Tim_Ellison at uk.ibm.com
Mon Feb 16 17:21:23 UTC 2015
Tim Boudreau <niftiness at gmail.com> wrote on 16/02/2015 06:12:18:
> As I wrote in my reply to David, I think resources (in the traditional
> ClassLoader::getResource sense) should be treated as being strictly
> internal to modules. If a module needs to make the information in one
> of its resources available to other modules then it should do so via a
> properly-exported class, or a service provider. Just because JAR files
> are miniature filesystems which anybody can dissect doesn't mean that we
> need to conceive of Java modules in the same way.
> There's a common case that I'd like to understand how you solve
> without at least META-INF or its equivalent visible to other
> modules: It's fairly common to see applications that dynamically
> compose things they find on the classpath. Spring and a few other
> things accomplish this through classpath-scanning, which is a fairly
> horrible pattern (you can wind up visiting every class on the
> classpath, or a large subset, just to look for a runtime annotation
> that is not there for the vast majority).
> An alternative approach I've used many times, which I think a few
> frameworks do as well (dagger?) is: Write an annotation processor
> that generates a flat file in META-INF that lists the classes that
> have the annotation in question; runtime code loads all such files
> on the classpath and uses that to initialize things that should be
> present at runtime. It's really the same pattern as ServiceLoader.

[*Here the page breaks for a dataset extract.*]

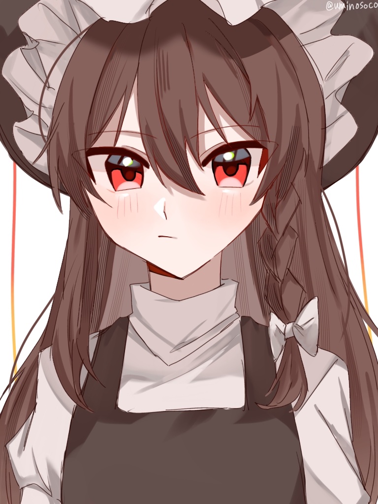 1girl artist_name black_dress black_hat bow braid commentary cosplay dress expressionless frilled_hat frills hair_between_eyes hair_bow hakurei_reimu hat kirisame_marisa kirisame_marisa_(cosplay) long_hair looking_at_viewer pinafore_dress red_eyes shirt side_braid sleeveless sleeveless_dress solo untranslatable_commentary touhou uminosoco upper_body white_bow white_shirt

> Is it safe to assume that, whatever happens, that approach will
> still work, whether by special-casing META-INF/** or some equivalent?
> Having said that, I do agree that the module system must provide some
> kind of escape hatch or "promiscuous mode", as you call it, so here's
> a stab at an additional requirement for the "Modularizing Java SE"
> - _Overrideable encapsulation_ --- It must be possible to force a
> module to export one or more of its packages to all other modules,
> or to some specific modules, even if its definition does not do so.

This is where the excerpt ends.